That really makes wonder how they have been running those benchmarks.

[-]

Evening_Ad6637@reddit

There is no comparison between llama 3.2 90B and llama 3.1 70B

Each time you see llama 3.2 90B, the corresponding 70B model is llama 3, not llama 3.1

Therefore the differences totally make sense to me

[-]

randomqhacker@reddit

Wouldn't llama 3 70B score lower than llama 3.1 70B?

[-]

Evening_Ad6637@reddit

Yes exactly, Llama 3 70B should score lower than llama 3.1 70B.

Llama 3 is known to score worse than llama 3.1 of the same parameter size. And this finding is also consistent with the results from this benchmark.

If we assume that llama 3.1 70B and llama 3.2 90B achieve the same scores, then llama 3.2 90B is more or less representative of llama 3.1 70B

Now in each of the specific benchmark categories in which llama 3.2 90B and llama 3 70B both appear, we see that llama 3 70B scores significantly lower than its 3.2 90B sibling. Therefore, by implication, as stated, this is representative of "In each of the specific benchmark categories in which both llama 3.1 70B and llama 3 70B both appear, we can see that llama 3 70B scores significantly worse than its 3.1 70B sibling part"

But yeah, slightly confusing with the naming and versioning xD

[-]

Xandrmoro@reddit

Its funny how benchmarks dont really reflect the reality when it comes to more special usecases. L3.1 is so, so horribad at RP, and L3 is actually damn amazing, for example. And people tend to forget that benchmarks are not all that matters :p

[-]

Expensive-Apricot-25@reddit

The new sonnet is lowkey creepy with how good it is…

I remember the other day I was using it and asked it to write code, when it caught its own bug, within the same response. Which is insane. And there have been other unique things it does, but this one stands out.

If u understand how LLMs work, That goes against how an auto regression model would work. It would be more likely, even if it recognized the bug for it to just continue as if it were correct (this is human nature, think of a stack overflow post/response)

My guess is they are experimenting with some RL witchcraft (not the RL involved in turning it from prediction to chatbot)

[-]

tucnak@reddit

It's not just coding; Spanish looks suspicious to me, and in our Ukrainian evals o1 is just horrible, behind some open source models, not to mention the latest gemini's.

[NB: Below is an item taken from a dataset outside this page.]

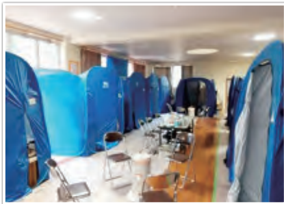
避難所内生活スペース（珠州市）

被災地では11万棟を超える住家が被害を受け、住まいの確保が喫緊の課題となったが、特に奥能登地域では、住宅建設に適した平地に限られることに加え、建設工事従事者のための宿泊拠点が少なく、道路・水道等の復旧にも時間を要したため、住まいの確保に向けた取組は難航した。

Their eval might not be as good as they think.

[-]

Ok-Scarcity-7875@reddit

How are these private if they using gpt-4o, gemini and so on on it? If these want to remain private they only can allow local hosted LLMs to benchmark them.Otherwise companies might include or accidentally spread the data sets anywhere.

[-]

HiddenoO@reddit

That is why the only credible rankings are the ones using private evals.

Private ones are inherently not credible because of their nature of being private so nobody can ascertain they're representative of anything or even real, to begin with.

[-]

TechnoByte_@reddit

Private evals can't be trusted, we need a way to verify the results or it's not credible at all.

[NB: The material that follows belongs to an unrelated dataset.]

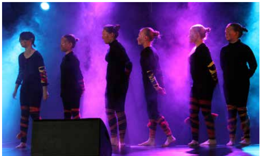
Jutatokka, foto AN.

Gangstajuŋkkát (foto Vesa Toppari/Yle Sápmi)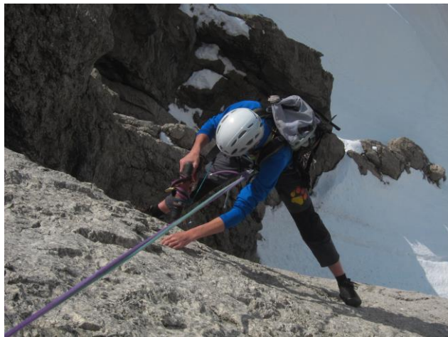
Einbohren der 2. SL

There's nothing stopping private evals from just lying about the results, since no one can verify it

That's like publising a paper without citing sources

[-]

HiddenoO@reddit

You don't even have to assume maliciout intent (like being paid to lie), there's no strong motivator for the company to spend resources to ascertain a representative data set (negligence), nor can we be sure they're even competent enough to build representative data sets.

[-]

Whotea@reddit

Livebench avoids that by updating their questions every month

[-]

SuperChewbacca@reddit

It's too bad Scale doesn't test more models.

[-]

jzn21@reddit

Indeed, where are the Qwen’s?

[-]

Verypowafoo@reddit

Well they better stop being lazy and do it.

[-]

Status_Contest39@reddit

Scale doesn't include deekseek and qwen at all, 😂

[-]

Billy462@reddit

This approach also has problems. There is so much money/vested interests in AI now that I would trust a closed benchmark even less than something like livebench.

Also, the questions are not guaranteed to be private to the API endpoint, even if the testers are 100% reliable and completely beyond reproach.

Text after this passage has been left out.